#### Collected material:
= = = = = = =
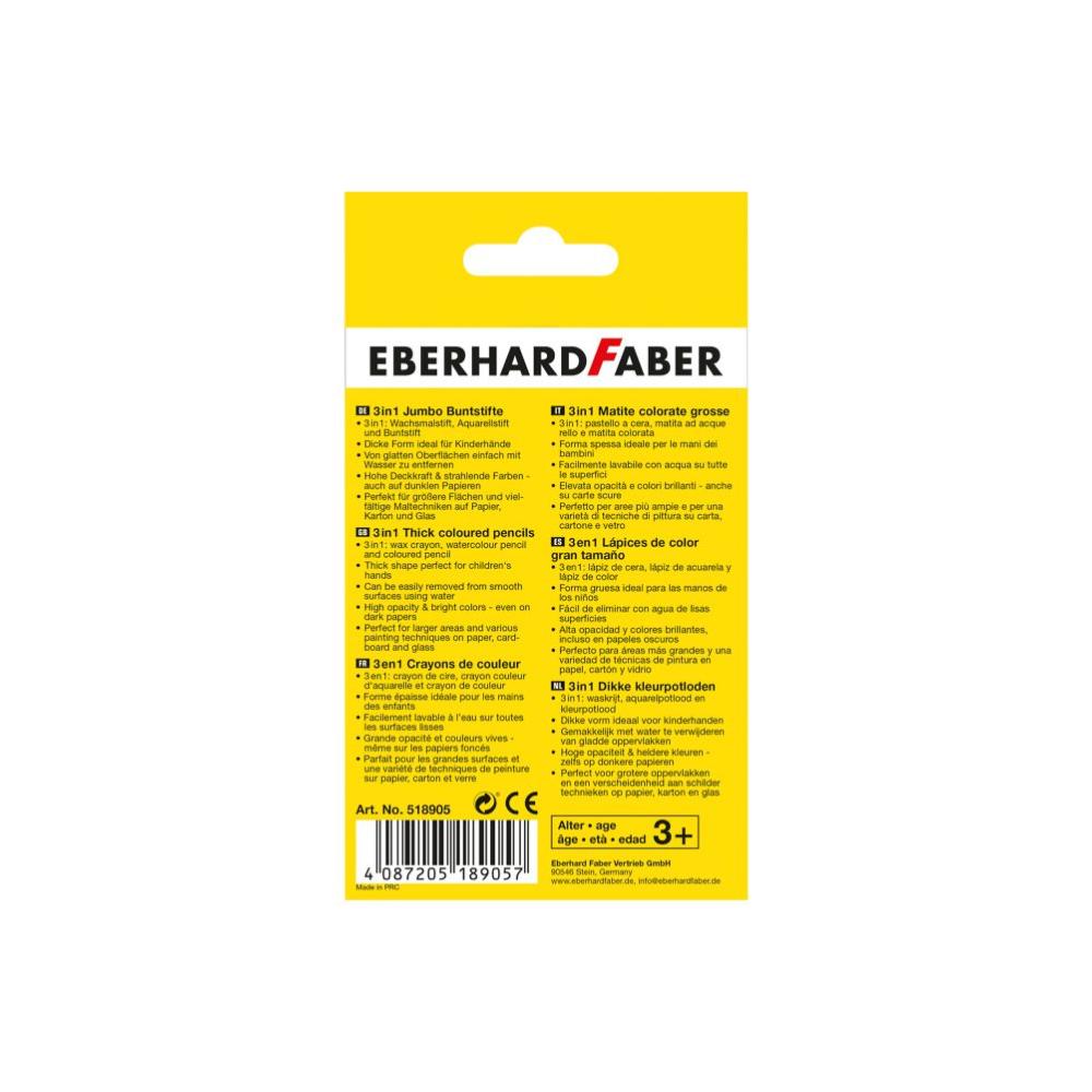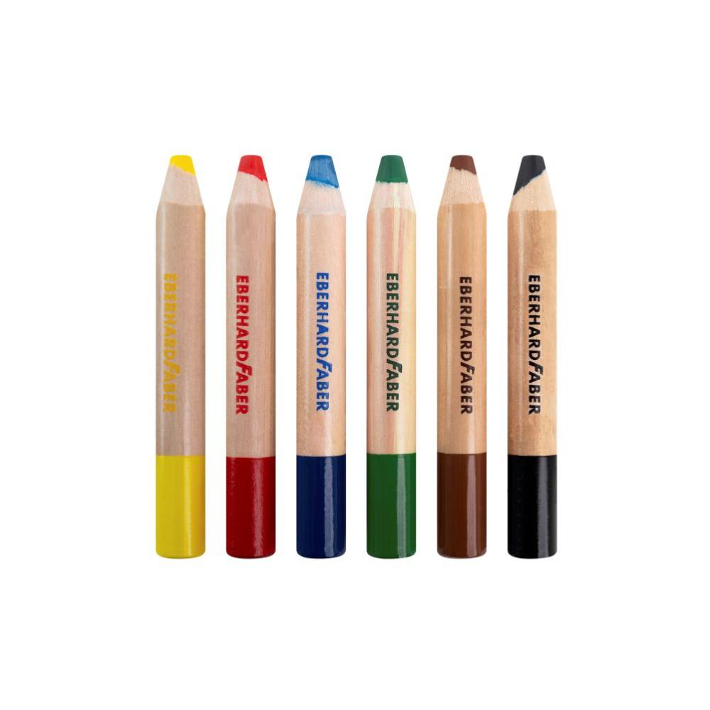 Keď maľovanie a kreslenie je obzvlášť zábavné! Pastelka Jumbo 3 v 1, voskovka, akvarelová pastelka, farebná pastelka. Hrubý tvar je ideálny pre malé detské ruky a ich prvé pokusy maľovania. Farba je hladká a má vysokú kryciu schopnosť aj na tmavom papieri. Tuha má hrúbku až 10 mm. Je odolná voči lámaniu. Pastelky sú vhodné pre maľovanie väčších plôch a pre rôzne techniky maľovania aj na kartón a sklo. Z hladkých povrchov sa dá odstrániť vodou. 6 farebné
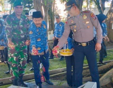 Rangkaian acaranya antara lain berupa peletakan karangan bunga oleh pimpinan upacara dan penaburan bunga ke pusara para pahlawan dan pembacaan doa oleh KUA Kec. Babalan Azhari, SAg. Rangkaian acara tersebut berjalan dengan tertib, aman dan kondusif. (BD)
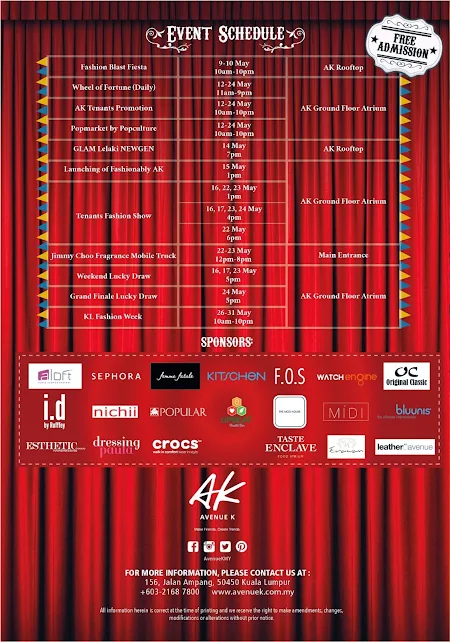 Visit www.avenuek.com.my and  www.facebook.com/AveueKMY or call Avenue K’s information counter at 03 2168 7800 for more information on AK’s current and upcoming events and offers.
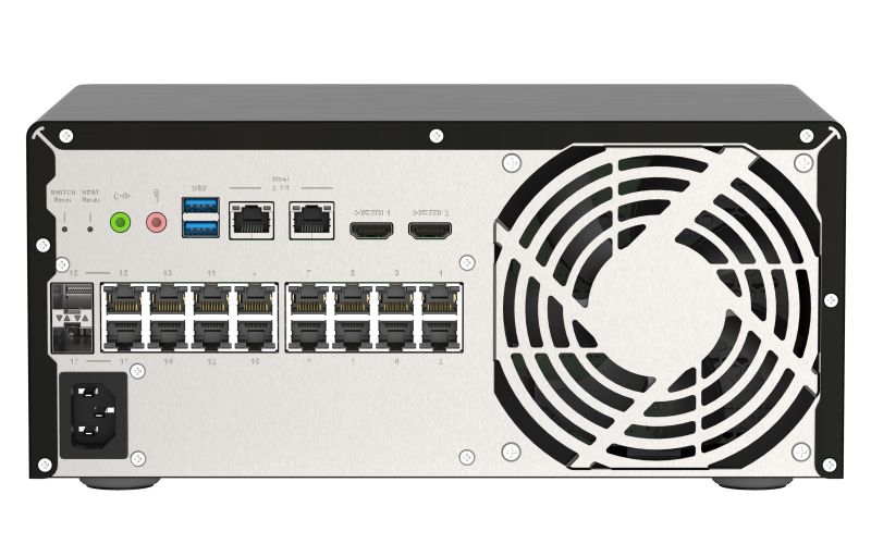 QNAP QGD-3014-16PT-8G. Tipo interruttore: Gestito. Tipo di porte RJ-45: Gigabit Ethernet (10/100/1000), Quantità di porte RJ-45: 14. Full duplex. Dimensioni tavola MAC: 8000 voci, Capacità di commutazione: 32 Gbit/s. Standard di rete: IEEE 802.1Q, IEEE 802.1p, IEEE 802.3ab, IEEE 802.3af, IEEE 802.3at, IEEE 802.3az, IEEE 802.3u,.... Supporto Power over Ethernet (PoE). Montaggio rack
= = = = = = =
#### Exercise objective:
Please repeat each line above exactly as it appears, but omit the pictures.

#### Response below:
 Keď maľovanie a kreslenie je obzvlášť zábavné! Pastelka Jumbo 3 v 1, voskovka, akvarelová pastelka, farebná pastelka. Hrubý tvar je ideálny pre malé detské ruky a ich prvé pokusy maľovania. Farba je hladká a má vysokú kryciu schopnosť aj na tmavom papieri. Tuha má hrúbku až 10 mm. Je odolná voči lámaniu. Pastelky sú vhodné pre maľovanie väčších plôch a pre rôzne techniky maľovania aj na kartón a sklo. Z hladkých povrchov sa dá odstrániť vodou. 6 farebné
 Rangkaian acaranya antara lain berupa peletakan karangan bunga oleh pimpinan upacara dan penaburan bunga ke pusara para pahlawan dan pembacaan doa oleh KUA Kec. Babalan Azhari, SAg. Rangkaian acara tersebut berjalan dengan tertib, aman dan kondusif. (BD)
 Visit www.avenuek.com.my and  www.facebook.com/AveueKMY or call Avenue K’s information counter at 03 2168 7800 for more information on AK’s current and upcoming events and offers.
 QNAP QGD-3014-16PT-8G. Tipo interruttore: Gestito. Tipo di porte RJ-45: Gigabit Ethernet (10/100/1000), Quantità di porte RJ-45: 14. Full duplex. Dimensioni tavola MAC: 8000 voci, Capacità di commutazione: 32 Gbit/s. Standard di rete: IEEE 802.1Q, IEEE 802.1p, IEEE 802.3ab, IEEE 802.3af, IEEE 802.3at, IEEE 802.3az, IEEE 802.3u,.... Supporto Power over Ethernet (PoE). Montaggio rack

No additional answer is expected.